◆ Work to be completed ◆
Full transcription, minus images: write out the listing below exactly as it appears.

◆ Dataset content ◆
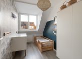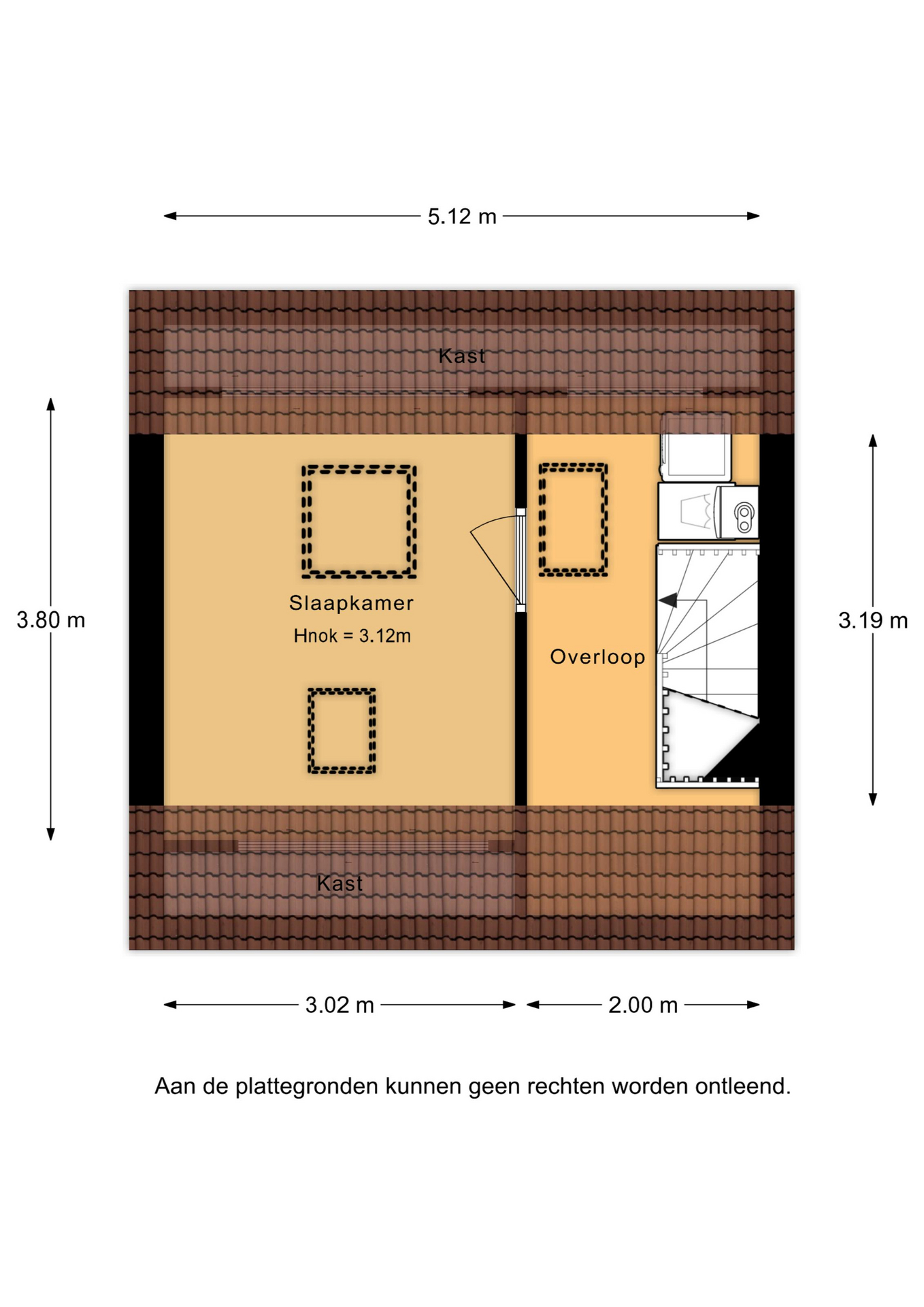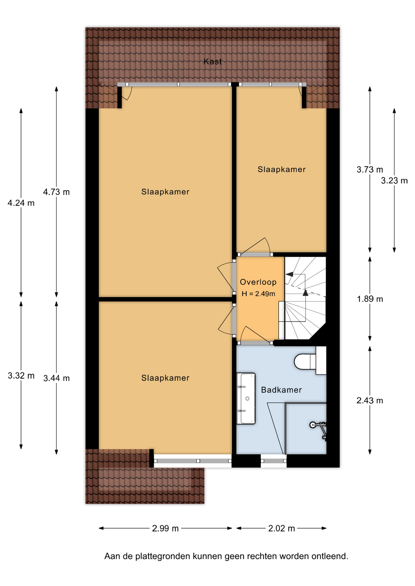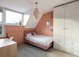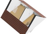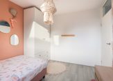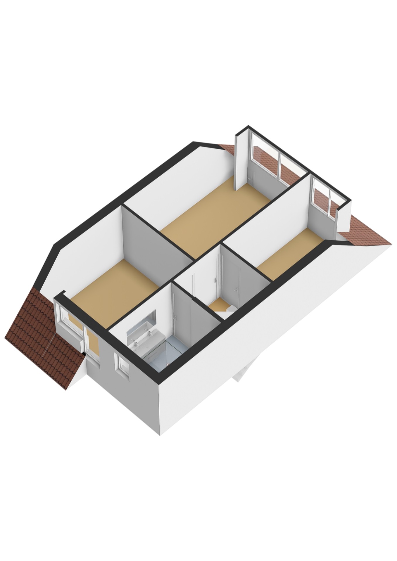 Op de verdieping bevinden zich [aantal] slaapkamers en een badkamer. De slaapkamers hebben oppervlaktes variërend van [m²] tot [m²]. De badkamer is ingericht met [douche, ligbad, wastafel, toilet] en is afgewerkt in [stijl/kleuren].
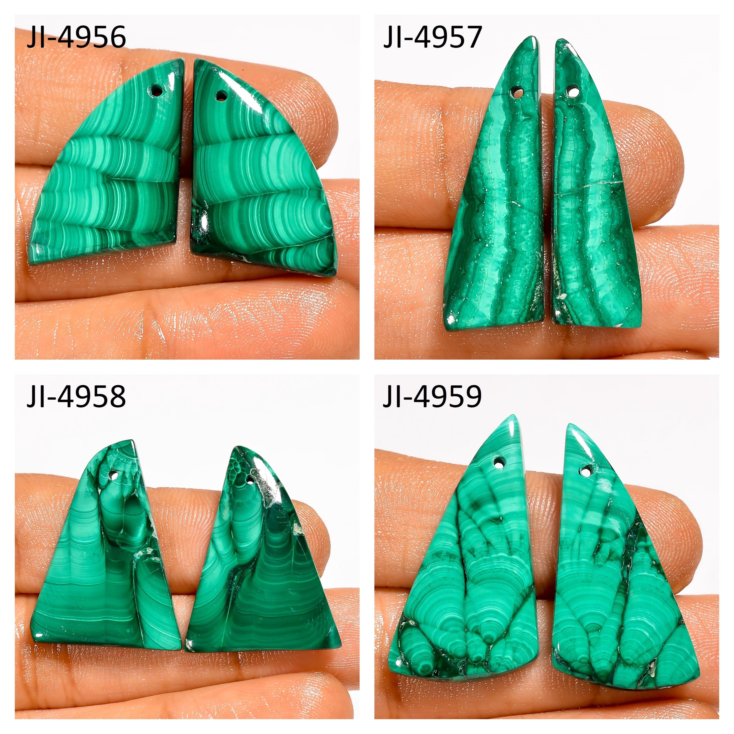 -Malachite fancy shape drilled cabochon matching pairs-this listing is for a set of two cabochons-stones are flat on the back-Malachite is a natural stone, no treatment
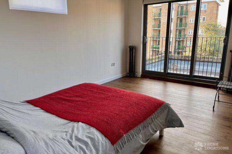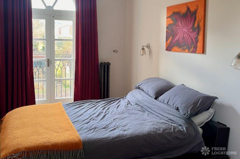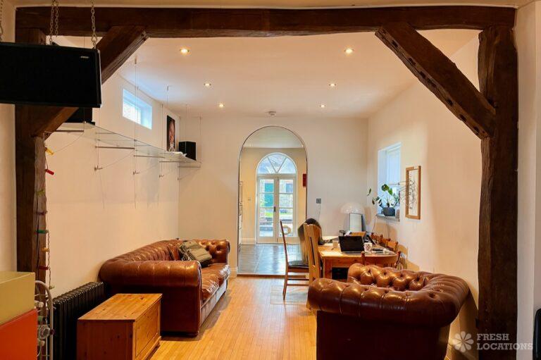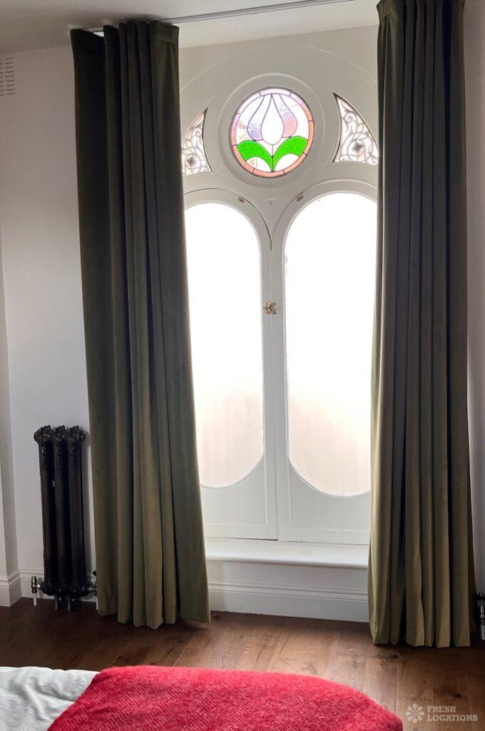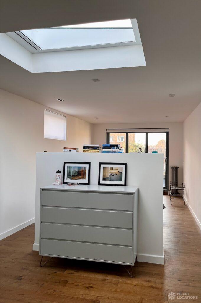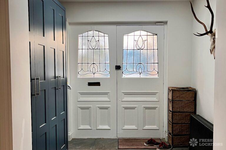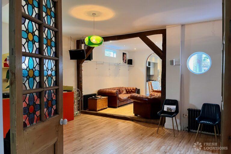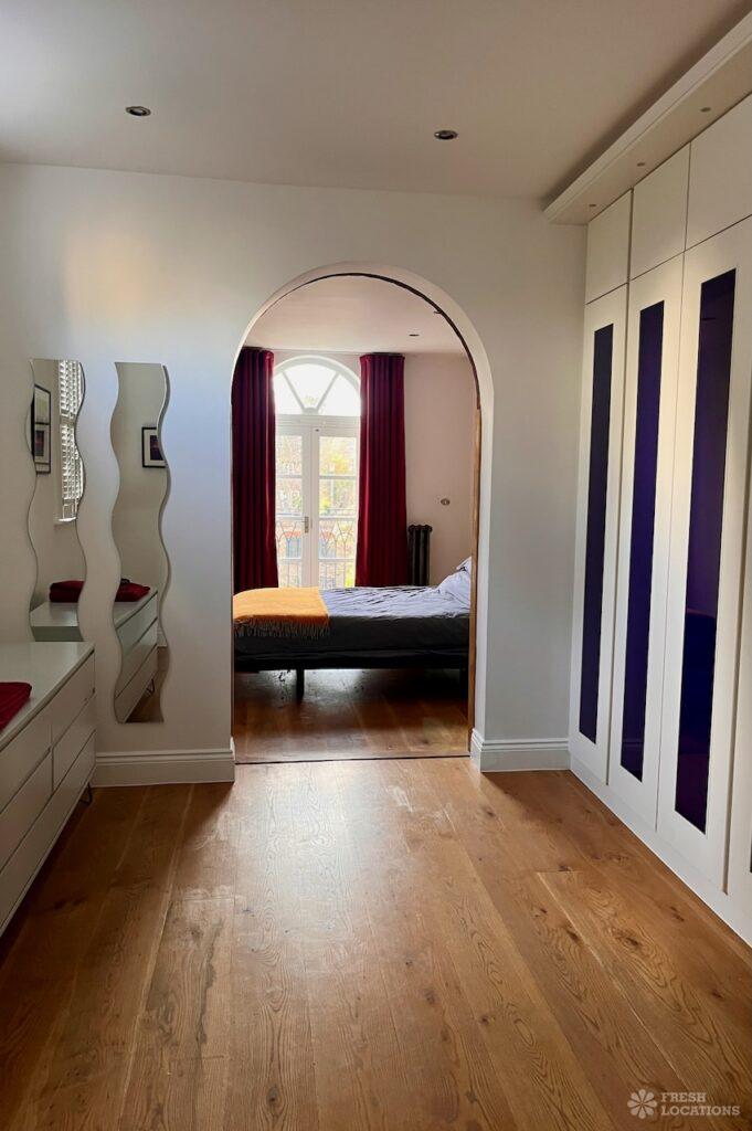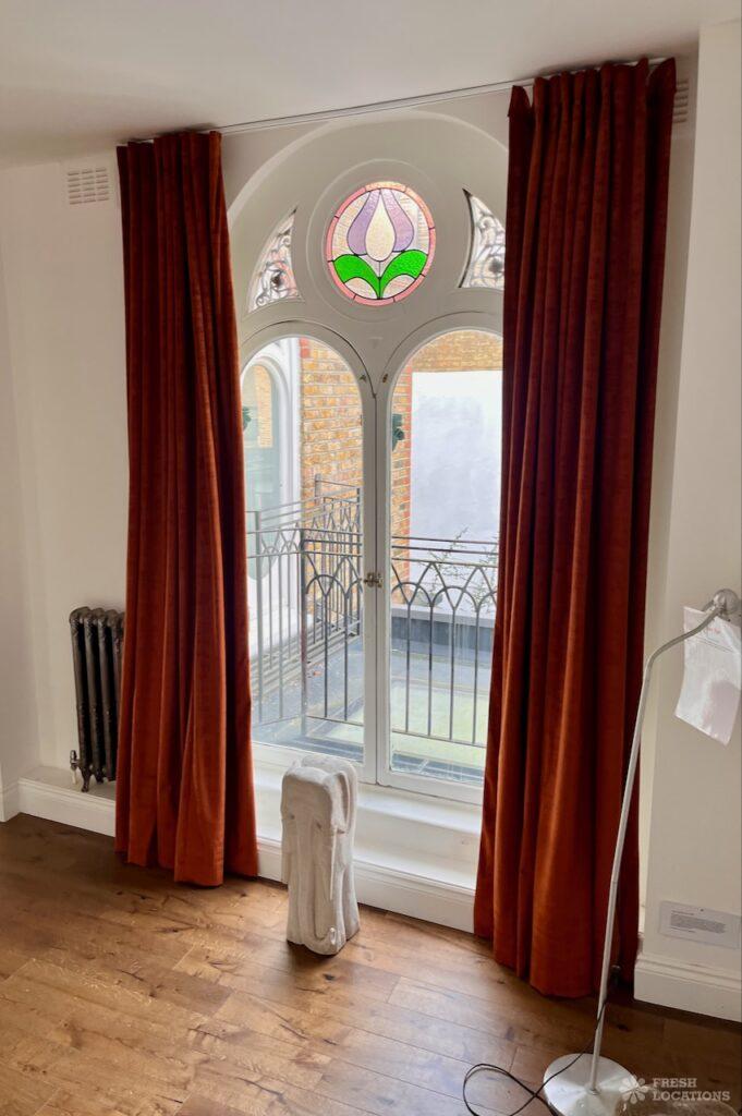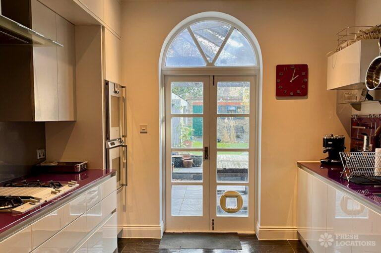A converted factory that has been renovated into a house shoot location in North London. This property features a light interior with exposed beams, stained glass doors and a modern purple kitchen. London Borough of Islington.

◆ The answer ◆
 Op de verdieping bevinden zich [aantal] slaapkamers en een badkamer. De slaapkamers hebben oppervlaktes variërend van [m²] tot [m²]. De badkamer is ingericht met [douche, ligbad, wastafel, toilet] en is afgewerkt in [stijl/kleuren].
 -Malachite fancy shape drilled cabochon matching pairs-this listing is for a set of two cabochons-stones are flat on the back-Malachite is a natural stone, no treatment
A converted factory that has been renovated into a house shoot location in North London. This property features a light interior with exposed beams, stained glass doors and a modern purple kitchen. London Borough of Islington.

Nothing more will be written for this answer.